Le système économique de l’époque a ainsi conduit à un certain nombre d’erreurs de la part des gouvernants et surtout des banquiers centraux, qui ont continué à se comporter comme une élite technocratique, isolée du monde qui l'entoure, transformant une crise de confiance en la Grande Dépression. Pourtant, même avec les bonnes politiques, aurait-il été possible de contenir les dégâts à la source ? C’est ce qu’on va essayer de déterminer dans ce qui suit.

La main invisible dérape

Le lien entre le krach d’octobre 1929 et la Grande Dépression n’est pas aussi évident qu’il n'y paraît et reste une question ouverte sous un certain nombre d’aspects. En effet, sachant que seulement 2% des ménages possédaient des actions à l’époque, l’effet direct sur le portefeuille de la population dans son ensemble est plutôt faible, ce qui n’est pas sans rappeler les épisodes que nous avons vus précédemment.

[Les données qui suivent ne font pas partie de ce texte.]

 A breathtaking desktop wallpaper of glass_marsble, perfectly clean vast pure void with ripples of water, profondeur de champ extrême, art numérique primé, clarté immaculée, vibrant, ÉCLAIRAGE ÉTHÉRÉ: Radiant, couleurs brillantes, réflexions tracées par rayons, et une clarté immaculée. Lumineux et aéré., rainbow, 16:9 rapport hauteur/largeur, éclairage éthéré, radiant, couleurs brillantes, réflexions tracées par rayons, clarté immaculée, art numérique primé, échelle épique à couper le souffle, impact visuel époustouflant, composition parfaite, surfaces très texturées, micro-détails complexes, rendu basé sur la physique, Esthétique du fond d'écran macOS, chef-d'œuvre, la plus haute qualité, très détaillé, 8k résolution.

Ces derniers peuvent aussi laisser à penser qu’il y a eu des gagnants et des perdants, et que si des investisseurs astucieux savaient surfer la bulle en 1720, il n’y a pas de raison de penser que cette connaissance s’est perdue en 1929…

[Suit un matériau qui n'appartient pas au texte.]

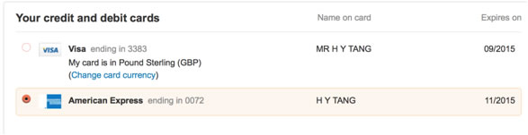 4.选择支付方式,使用美国运通卡支付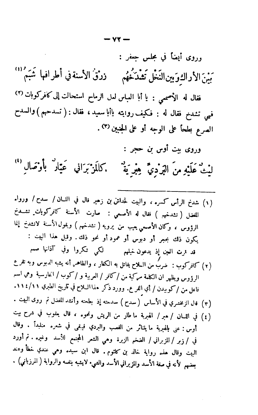 فقال له الأصمعي: يا أبا العباس لعل الرماح استحالت إلى كافر كوبات فهي تشدخ فقال له: فكيف روايته يا أبا سعيد، فقال: (تسدحهم) والسدح الصرع بطحًأ على الوجه أو على الجنبين.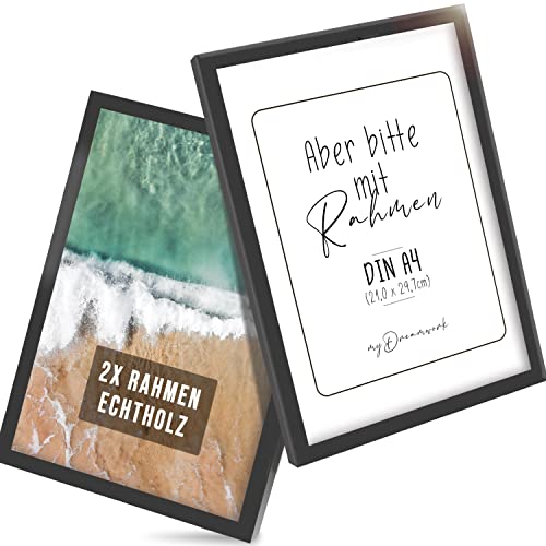 MyDreamwork New York - Set di 2 cornici per foto, formato DIN A4, cornice in legno con vetro Plexi infrangibile, formato A4, colore nero, cornice in legno 21 cm x 29,7 cm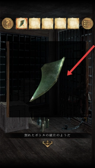 在牢房场景里收集物品时,会得到一个外形类似“割れたボトルの破片”(破碎瓶子碎片)的绿色道具,这个物品是解谜的关键所在,要注意相关的收集提示。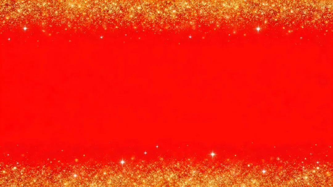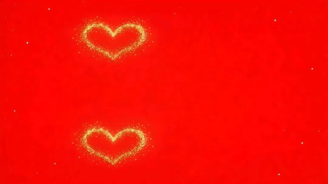 这套喜庆红金闪片PPT背景图,浓郁红底搭配鎏金爱心与星光,自带喜庆高级感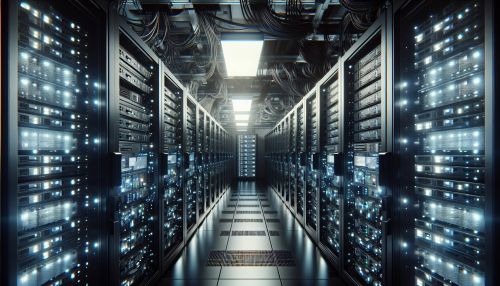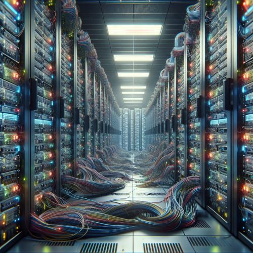 A computer server room with rows of machines. Each machine is generating and storing machine data.

Cependant, cette bulle a bien quelque chose de spécial : le 24 octobre 1929, devenu depuis Jeudi Noir, les grands argentiers de New York décident d’intervenir pour contenir la chute des cours, comme ils sont parvenus à le faire avec succès lors de la Panique de 1907. Seulement le répit n’est que temporaire et ils ne peuvent rien quand le marché s’effondre définitivement. Pourquoi cette action concertée n’a-t-elle donc pas eu l’effet escompté ?

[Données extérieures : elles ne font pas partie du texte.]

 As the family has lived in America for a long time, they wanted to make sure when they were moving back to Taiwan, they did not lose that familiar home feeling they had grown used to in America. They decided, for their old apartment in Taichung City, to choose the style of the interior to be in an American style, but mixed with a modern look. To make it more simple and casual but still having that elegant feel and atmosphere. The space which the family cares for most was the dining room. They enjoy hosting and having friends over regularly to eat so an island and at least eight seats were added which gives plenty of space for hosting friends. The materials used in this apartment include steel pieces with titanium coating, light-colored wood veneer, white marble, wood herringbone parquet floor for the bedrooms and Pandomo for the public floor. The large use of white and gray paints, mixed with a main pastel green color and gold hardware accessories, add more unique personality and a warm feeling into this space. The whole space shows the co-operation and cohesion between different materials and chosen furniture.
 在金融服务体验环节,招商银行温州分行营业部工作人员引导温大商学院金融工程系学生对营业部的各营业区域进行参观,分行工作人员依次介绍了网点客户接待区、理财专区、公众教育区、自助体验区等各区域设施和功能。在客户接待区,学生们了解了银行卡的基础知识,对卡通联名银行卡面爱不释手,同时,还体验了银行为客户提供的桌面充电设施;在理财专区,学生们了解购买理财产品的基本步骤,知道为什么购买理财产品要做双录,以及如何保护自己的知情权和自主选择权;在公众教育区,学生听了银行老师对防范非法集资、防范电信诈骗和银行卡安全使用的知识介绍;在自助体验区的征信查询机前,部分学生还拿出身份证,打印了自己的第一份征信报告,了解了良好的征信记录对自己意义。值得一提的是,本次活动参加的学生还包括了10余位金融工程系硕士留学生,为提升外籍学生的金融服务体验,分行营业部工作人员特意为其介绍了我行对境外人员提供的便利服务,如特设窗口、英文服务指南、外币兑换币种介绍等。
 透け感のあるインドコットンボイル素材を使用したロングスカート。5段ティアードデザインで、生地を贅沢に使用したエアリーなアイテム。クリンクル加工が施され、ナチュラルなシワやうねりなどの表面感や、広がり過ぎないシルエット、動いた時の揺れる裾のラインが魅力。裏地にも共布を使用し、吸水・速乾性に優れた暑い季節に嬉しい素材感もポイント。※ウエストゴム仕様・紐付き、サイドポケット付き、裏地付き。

La réponse est à trouver semble-t-il dans l’émergence d’une société où la consommation prend une place prépondérante. Dans un monde qui découvre les joies du marketing, des nouveaux modèles de voiture tous les ans et où l’Etat prend une place infime par rapport à ce qu’on peut voir aujourd’hui, les décisions des agents économiques sont décentralisées et incontrôlables. Deux théories confortent cette idée :
  • La déflation par la dette de Fisher5 : L’endettement des ménages a beaucoup augmenté durant le boom, pour financer l’achat et la construction de nouveaux logements individuels. Lorsque survient le krach, la baisse des prix et des salaires rend le poids de la dette plus lourd à porter, ce qui force les ménages à liquider leurs actifs et à réduire leur consommation, ce qui fait baisser encore plus les prix, et ainsi de suite.
  • L’incertitude dans la décision de consommation : Le travail de Christina Romer montre comment l’économie réelle américaine a été affectée par l’incertitude massive causée par le krach. En effet, incapables de déterminer la direction des événements, les consommateurs et les producteurs ont réduit la voilure face au spectre très réel d’une crise d’envergure.
Pourtant, ce que nous venons de décrire n'est rien d'autre que les risques auxquels s'expose une économie moderne ! En d'autres termes, ce n’est rien de moins que l’avènement de la macroéconomie en tant que discipline à part entière qui explique la différence entre nos vieilles bulles des 17e et 18e siècles et la crise de 1929 !


1. C’est ce qu’on appelle le Closed-end fund puzzle, voir par exemple le papier de Lee, Shleifer et Thaler : Investor Sentiment and the Closed-end fund puzzle.
2. Cette métrique est similaire à celle qu’utilisent Voth et Temin dans leur étude de la bulle des Mers du Sud
3. En VO : “ It is difficult not to marvel at the imagination which was implicit in this gargantuan insanity. If there must be madness something may be said for having it on a heroic scale”, The Great Crash, 1954.
4. Voir par exemple les Etats-Unis de Roosevelt, par rapport à la France d’avant le Front Populaire.
5. Le second de cet article. Les Fisher prolifèrent, mais pas de façon excessive.